When it comes to rooting Android devices, we see no better alternative than the SuperSU package developed by the recognized Android developer – Chainfire. However, since the introduction of Safety Net into the Android operating system by Google, apps can now detect root access on the system and deny services. Root is actually an exploit and not a feature. SuperSU binaries penetrate into the system, thus giving us extra features. Apps can now detect this exploitation and stop working. Some examples of such apps are Snapchat, Netflix, IRCTC, and several online banking applications. Snapchat declared it won’t work on rooted phones. As the internet banking apps are concerned for the security, they mostly deny services on rooted Android phones.

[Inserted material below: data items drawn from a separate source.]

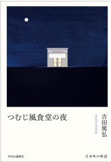
つむじ風食堂の夜 吉田 篤弘 著 中央公論新社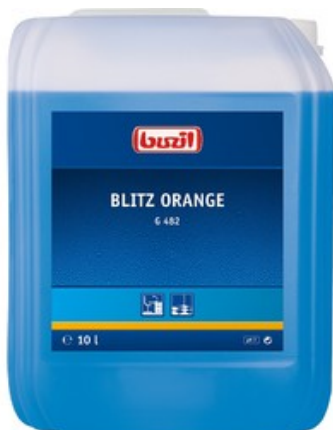
Buzil Blitz Orange G 482 (10L)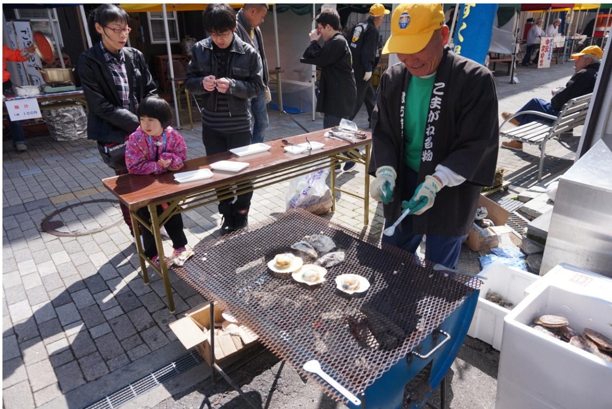
毎月第3日曜日に銀座通りで“あつい！こまがね”が主催する「子育て地蔵尊すくすく縁日」の様子

毎月第3日曜日には、駒ヶ根のまちを元気にしようと活動している団体“あつい！こまがね”が主催する「子育て地蔵尊すくすく縁日」が銀座通りで開催されています。縁日には、赤穂漁協や陸奥湾から直送のホタテやカキなどの新鮮な海産物が焼きたてで味わうことができます。また、お誕生月のお子さん達には、“あつい！こまがね”からケーキのプレゼントも行われて、とても賑わっています。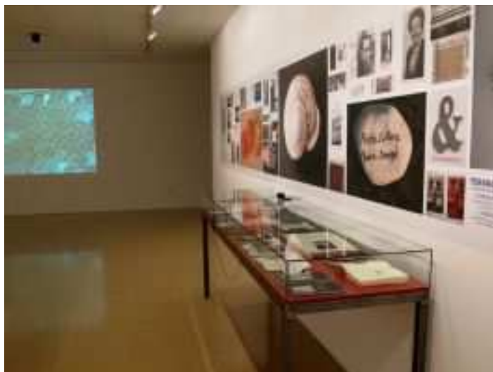
© Francesc Abad / Diaris del pensar (en procés)

La seva activitat artística es construeix i es reconeix com una reflexió cultural articulada en forma d'imatges dialèctiques, centrada en la fragilitat de l'home, el paisatge i la paraula, el pas del temps i el pes de la memòria, l'agonia industrial i la progressió històrica, el final de mons que s'acaben, l'exili i el dolor, configurant una particular escriptura dels límits que prioritza clarament el compromís personal i la recerca social per damunt de la qualitat estètica i el caràcter objectual. Una reflexió, en definitiva, molt útil també per repensar els esdeveniments socials i polítics amb els quals s'ha anat determinant la història del segle XX.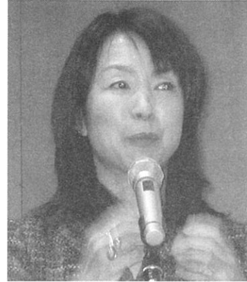
コーディネーター役の 作家 玉岡かおるさん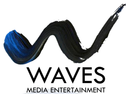
Gambar 2.1 Logo Waves Media Entertainment

This is where the Magisk Manager comes into play. It can bypass the Safety Net on Android, enabling apps to work even on rooted Android phones. The best thing about Magisk is that it is systemless from the core. Hence, your device will still receive OTA updates regardless of root. Moreover, it works with Android P, Android 8.1 Oreo, or even the previous version such as Android 6.0.1 Marshmallow, 7.1.2 Nougat, up to Android O. It also has hide root option.
What is Magisk Manager?
Magisk Manager is an open source rooting app developed for Android devices based on the Universal Systemless Interface. Magisk Manager is an application and Magisk v12 zip consists of the framework which can be flashed through custom recoveries. Falling into an open source category, Magisk comes with several modules. Developers have made several Magisk modules like Google Assistant Enabler, Adblock, Viper4Android FX, Dolby Atmos. However, before you install any module, read the description and instructions. There’s a listing of the Xposed module as well. However, Xposed isn’t compatible with Nougat or later. Hence, that won’t work and may even put your device into bootloop.
Magisk Manager can be termed as an alternative to Xposed Framework. As Xposed isn’t available for Android 7.0 Nougat or later, Magisk can be an easy solution. You can find similar modules on Magisk as those found on Xposed.

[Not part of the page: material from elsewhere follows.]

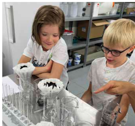
Kommen, beobachten oder mitmachen: Experimente im Labor machen Spaß und vermitteln Wissen.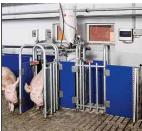
CallMaticpro – sterowane komputerowo karmienie wywoływane

C allMaticpro jest systemem żywieniowym dla loch prośnych w hodowli grupowej. Zalety hodowli zgodnie z rytmem życia loch oraz karmienie dostosowane do każdego zwierzęcia zostały połączone w sposób idealny. Indywidualne karmienie oznacza przydzielanie paszy dokładnie dostosowane do stanu lochy. Można zastosować zarówno karmienie na sucho jak i na mokro.

How to install Magisk on any Android device?
The method is simple. The first thing you need is a custom TWRP setup on your Android. For Samsung, click here. You will also need the latest TWRP version from our downloads repository. Secondly, remove any other SuperSU root active on the device such as that of CFAR.
Moreover, the interface works with most of the Android phones ranging from Google Nexus & Pixel series, Motorola, OnePlus, Samsung, Xiaomi, HTC, LG, Sony, and much more.
Magisk Manager APK has been removed from the Play Store as the app violates Google’s policies; especially bypassing the Safety Net one. Hence you will need to download the APK from the section below.
Download latest Magisk version
The latest Magisk v16 comes in support for Android P and Oreo. You can also simply install the Magisk Manager APK on Android and get the TWRP flashable zip version from within the app.
Here is how to flash Magisk v17 zip on Android:
- Make sure you have downloaded the three packages including Magisk Manager, Magisk zip, and Magisk uninstaller.
- Transfer all the files to phones’ internal storage.
- Reboot into TWRP recovery.
- Take a full Nandroid Backup.
- Tap on install and flash the Magisk zip.
- Once done, reboot to System.
In case, the Android gets stuck into bootloop, flash the Magisk uninstaller zip. Alternatively, you can restore the TWRP backup taken earlier. Install the Magisk Manager app and run it.
How to use Magisk Manager?
Once you have setup Magisk successfully, run the app and start granting root permissions to root applications. It has super user binaries which help in achieving root access on Android. The systemless SuperSU root is an added advantage.
Apart from root access, here are some of the app features:
Bypass Safety Net:
As we have already discussed Google introducing the Safety Net on Android, Magisk Manager can easily bypass Safety Net API. This will allow users to use apps like Snapchat, Netflix, etc; which would rather not work on rooted Android phones.
At times the Safety Net can fail and apps can still detect Magisk. There is another feature called the Magisk Hide. The name suggests it all.
The modules are the main attraction of Magisk Manager. Being as open source, there are several of them. You can also add a third-party developed module for your device. These modules enable several features like Viper4Android, Xposed, Assistant Enabler, etc. The Assistant Enabler can enable Google Assistant on all Android versions with Magisk.
The settings section consists of features like Enable BusyBox, Systemless hosts, app theme, enabling shell command for logs, and much more.
You can find several device specific modules from forums.